# mortaio e pestello



## Pictsac

Buongiorno a tutti 
sapete dirmi come si chiamano il *mortaio e il pestello* con cui una volta tradizionalmente si preparavano il pesto in francese?

grazie


----------



## Corsicum

_Mortaio* =* *Mortier* _
http://www.cnrtl.fr/definition/mortier
_Pestello_ : _*pilon*; maillet en bois pour aplatir légèrement les marrons rôtis_
http://www.cnrtl.fr/definition/pilon
J’ai vu aussi en Italien : _pestello, pestone; mazzuolo, mazza di legno per schiacciare gli marroni_

Pesto = Pesto !!!….La soupe au _pesto_, la soupe au _pistou.
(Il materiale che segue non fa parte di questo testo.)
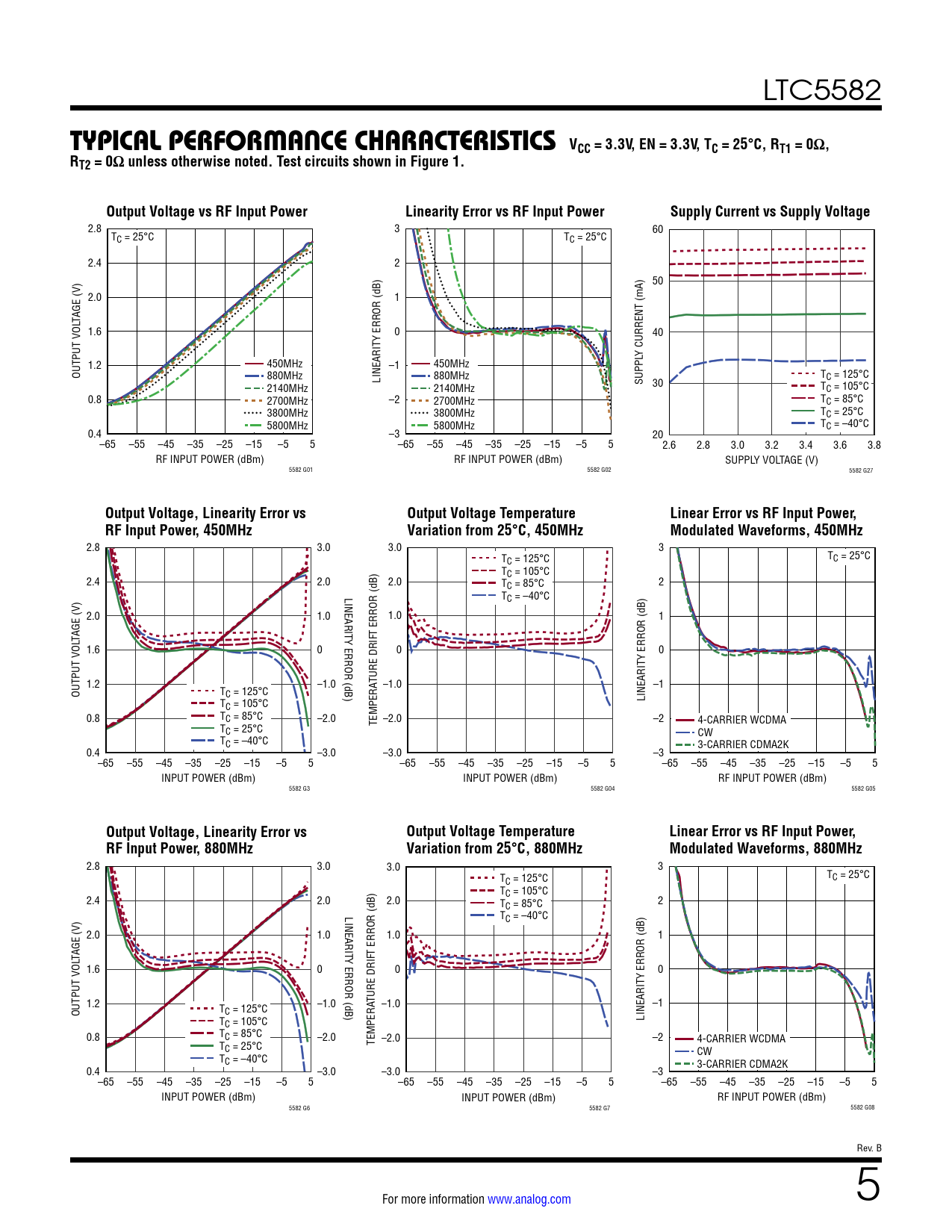 2.8 3.0 3.0 3 TC = 125°C TC = 25°C TC = 105°C 2.4 2.0 2.0 TC = 85°C 2 LINEARIT TC = –40°C 2.0 1.0 1.0 1 TAGE (V) Y ERROR (dB) T ERROR (dB) 1.6 0 0 Y ERROR (dB) 0 1.2 –1.0 TURE DRIF –1.0 –1 OUTPUT VOL TC = 125°C T LINEARIT C = 105°C 0.8 TC = 85°C –2.0 –2.0 –2 4-CARRIER WCDMA T TEMPERA C = 25°C CW TC = –40°C 3-CARRIER CDMA2K 0.4 –3.0 –3.0 –3 –65 –55 –45 –35 –25 –15 –5 5 –65 –55 –45 –35 –25 –15 –5 5 –65 –55 –45 –35 –25 –15 –5 5 INPUT POWER (dBm) INPUT POWER (dBm) RF INPUT POWER (dBm) 5582 G3 5582 G04 5582 G05
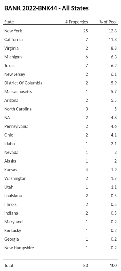 BANK 2022-BNK44 has 12.8% of its pool located in the state of New York.
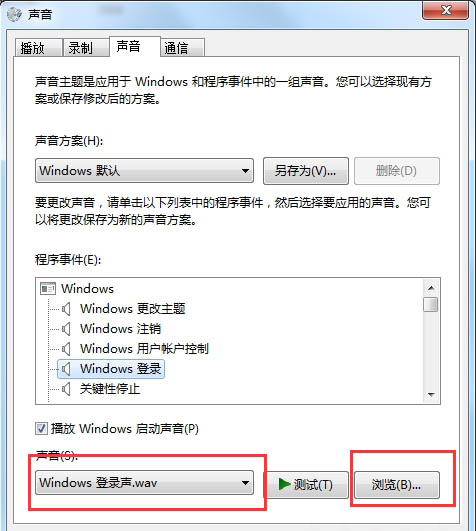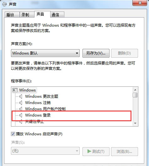 2、在打开的“声音”面板上,切换至“声音”选项卡下,选择“Windows登录”,然后再选择“Windows默认”。
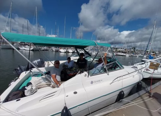 Moteur neuf GM 4.3L V6 essence remplacé en 2021, hivernage secavec entretien annuel, GPS 2023, vhf fixe, guindeau électrique ,frigo,WC,réchaud gaz,2 batteries avec coupleur et branchement à quai 220v, bimini et taud, remorque avec C.G, 7 personnes, année 98, couchage 3 pers.
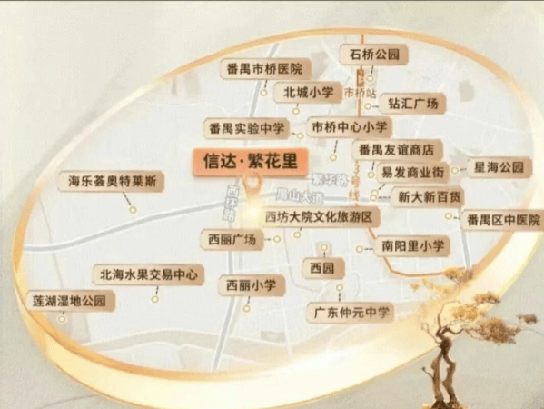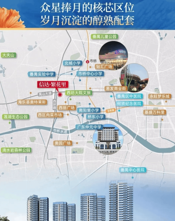 信达·繁花里所处的位置,堪称市桥“心脏地带”。步行范围内即达钻汇广场、易发商业街等成熟商圈,日常购物、餐饮、娱乐触手可及;3公里半径内更汇聚永旺梦乐城等6大商业综合体,繁华生活无需等待兑现。更难得的是,番禺区政府、政务服务中心等行政机构环伺周边,区域价值不言而喻——这不仅意味着稳定的市政配套投入,更代表着城市资源的高度集中。

Pesto_ n’est pas dans le dictionnaire mais on le trouve dans les recettes de cuisine 
http://www.cnrtl.fr/definition/pistou
Voir aussi : la soupe au _pestu_


----------



## Pictsac

Bonjour Corsicum (weiss für eine wahnsinnsschöne Insel!  
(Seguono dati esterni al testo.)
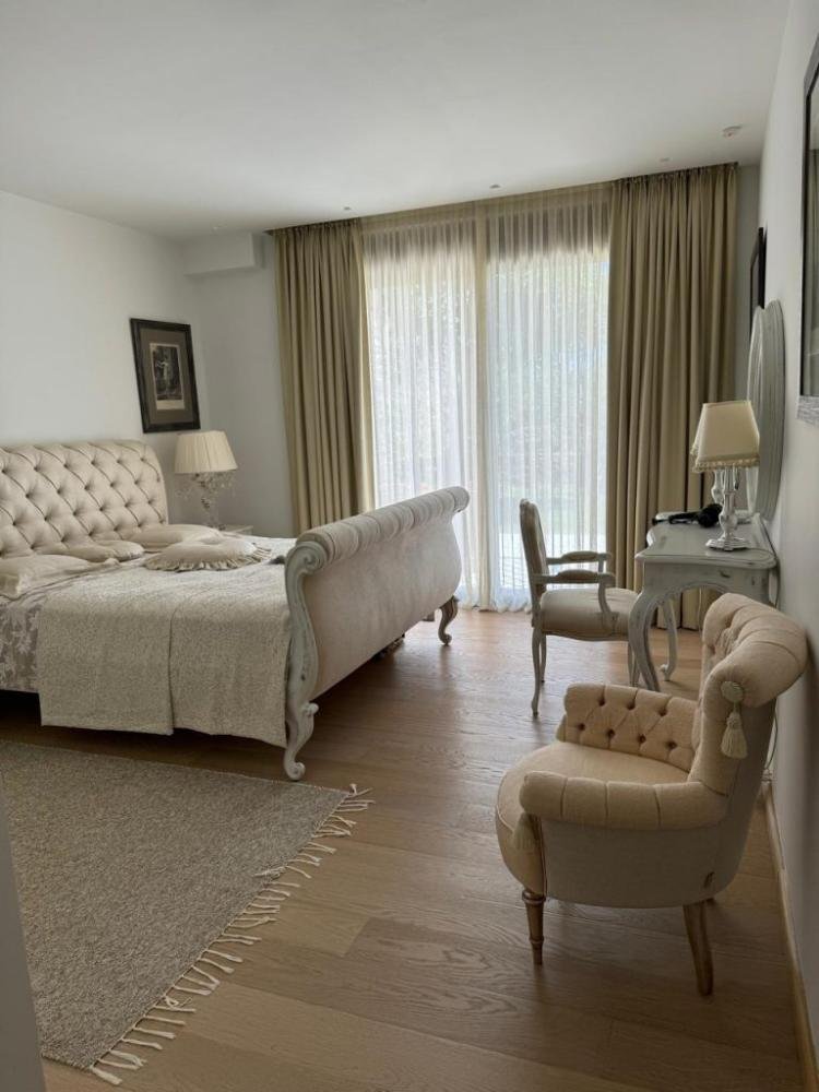 Die Villa bietet hohen Wohnkomfort und benötigt keine Renovierungsarbeiten. Die Inneneinrichtung ist komplett mit hochwertigen, individuell gefertigten Möbeln. Der moderne Stil mit antiken Drucken, edlen Tapeten und Stoffen schafft eine elegante und stilvolle Atmosphäre.
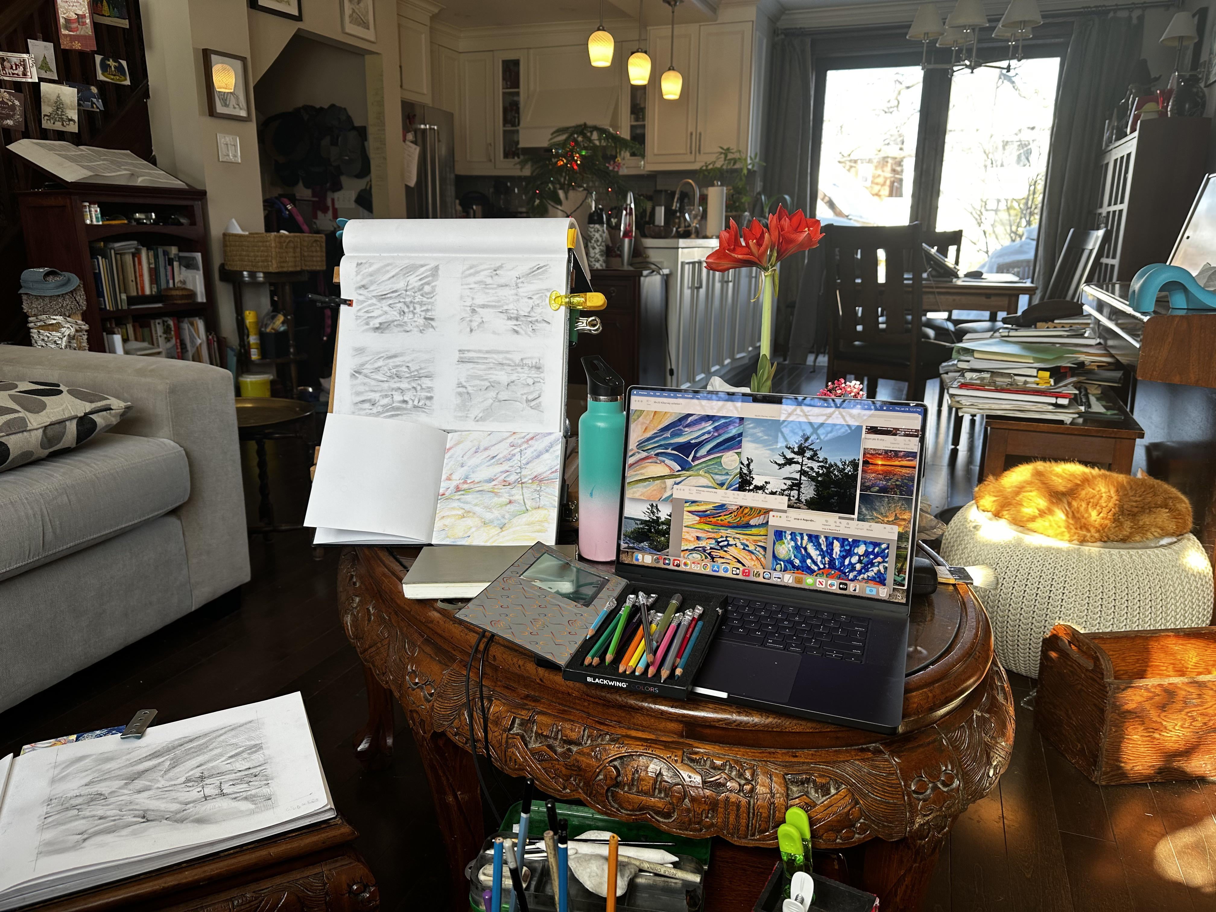 この寒い日は、おまけの猫と一緒にソファで仕事をしています。

Donc le mortier de marbre e le pilon de ligne d'olive pour preparer le pesto c'est juste?


----------



## Corsicum

Pictsac said:


> Bonjour Corsicum (weiss für eine wahnsinnsschöne Insel!
> 
> Donc le mortier de marbre e le pilon de ligne d'olive pour preparer le pesto c'est juste?
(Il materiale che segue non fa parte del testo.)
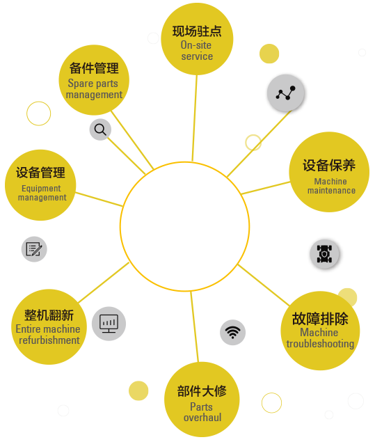 信昌可根据客户需求提供定制化管理服务,可定制的内容除了 涵盖设备管理的6 项(定期油样分析、绕机检查、技术分析、 远程监测、底盘状态检测、综合评估),还可以提供设备保养、 故障排除、部件大修、整机翻新、备件管理、现场驻点等服务。
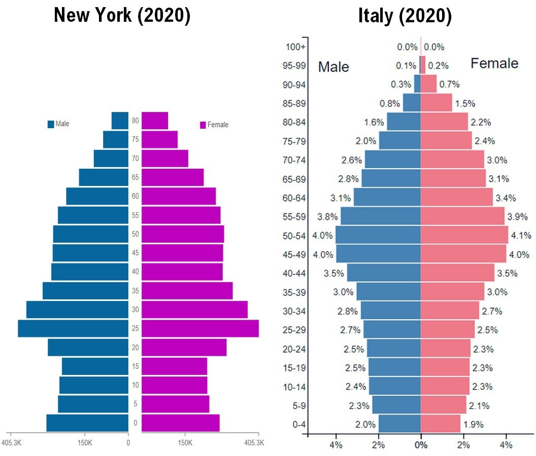 Рис. 17. Сопоставление половозрастных пирамид Нью-Йорка и Италии на 2020 год
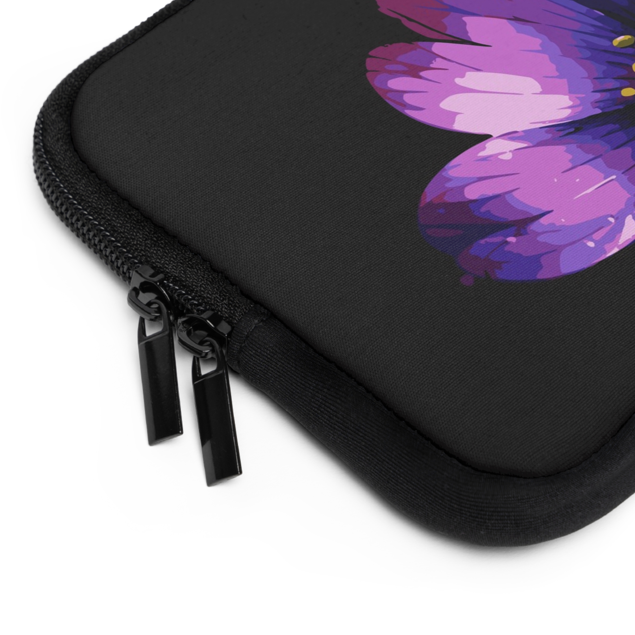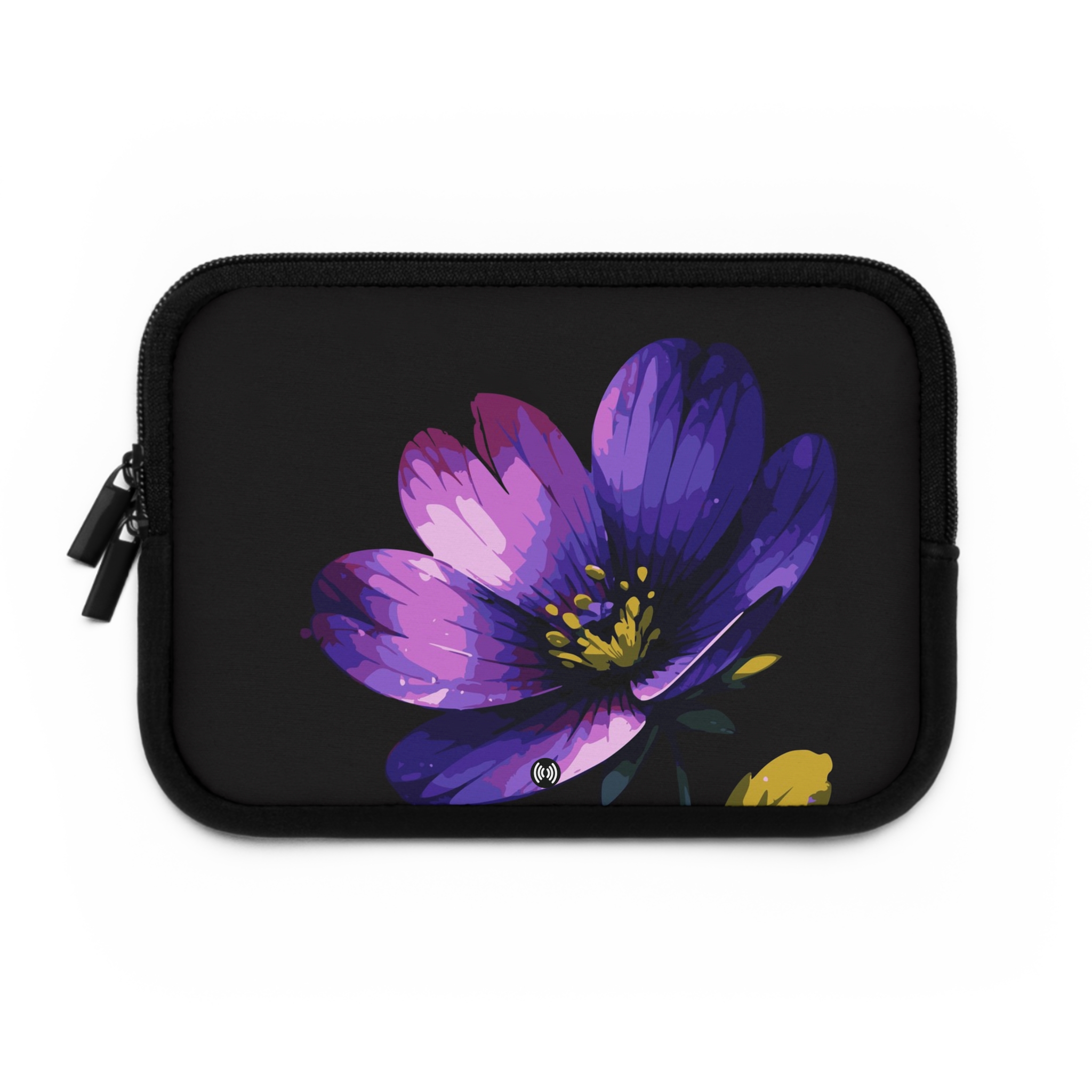 Slide your laptop into a soft, padded sleeve that feels like a quiet exhale. The rich black neoprene sets off a single painterly purple bloomābold but gentleāso your tech carries a sense of calm wherever you go.

Salut la Toscane, chers voisins !
Je ne connais pas l ‘expression : « _de ligne d'olive_ » ?
On dit aussi couramment :
_Le mortier__ de marbre et le pilon en olivier pour préparer le pesto._
_Mortier__ et pilon en olivier_ : quand les deux sont en bois d’olivier
C’est celui que j’ai vu utiliser le plus souvent….j’ai les deux, marbre et bois.


----------



## Pictsac

Grazie mille, anch'io una volta li avevo entrambi


----------